Мёрдок в своём последнем матче за Новую Зеландию

Конечно, такое поведение настроило журналистов против Мёрдока. Они не могли понять, в чём причина его злобы, а он ничего не объяснял. Он просто не любил прессу и всё тут. Но должна же быть какая-то причина?

Причина, конечно же, была.

Пресса не оставляла ему возможности оставаться простым парнем и жить простой жизнью. Прессе нужны герои и злодеи. А Мёрдок не хотел быть ни тем, ни другим.

Звучит красиво, но это не более чем предположение. Потому что сам Мёрдок молчал.

***

Все эти годы новозеландские журналисты пытались разыскать Мёрдока или хотя бы его следы. Двум из них это удалось.

Спустя пять лет после таинственного бегства Мёрдока легендарный регбийный журналист Терри Маклин сумел разведать, что сейчас тот, исколесив Австралию в поисках подработки, добывает нефть на западе страны. Маклин, бросив все дела, рванул за эксклюзивом.

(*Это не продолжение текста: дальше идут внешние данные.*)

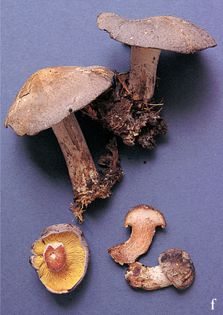 Gilded Domecap Lyophyllum favrei (R. Haller. Aar. & R. Haller Suhr) R. Haller. Aar. & R. Haller Suhr syn. Tricholoma favrei R. Haller. Aar. & R. Haller Suhr syn. Calocybe favrei (R. Haller. Aar. & R. Haller Suhr) Bon (illustrated 40% life size) Cap 5–8cm across, convex, umbonate; slate-blue to blue-lilac. Stem 45–70×10–18mm; similar to cap colour but lighter. Flesh turning pinkish; taste strong, mealy, smell mealy. Gills free; bright golden-yellow. Spores 3.5–5×3–3.5¼, subspherical. Spore print white. Habitat in mixed woods; late summer to early winter. Very rare, endangered on Red Data List. Not recommended far too rare to collect.

Он увидел Мёрдока сразу же, как только вышел из автобуса. Окликнув того и представившись, Маклин уже представлял беседу по душам с пропавшей звездой регби. Наверняка ведь Кит все эти годы ждал чего-то подобного — возможности выговориться и объясниться. Но вместо этого Мёрдок, твёрдо сжимая гаечный ключ и бешено вращая глазищами, прорычал:

– Лезь, мать твою, обратно в автобус.

Кто знает, чего ему стоило найти этого беглеца. Кто знает, чего ему стоило добраться до этой богом забытой нефтяной скважины. Да и вообще, ни один журналист не отступит, когда сенсационный материал почти у него в руках. Что ему тот гаечный ключ, свирепый взгляд и звериный рык?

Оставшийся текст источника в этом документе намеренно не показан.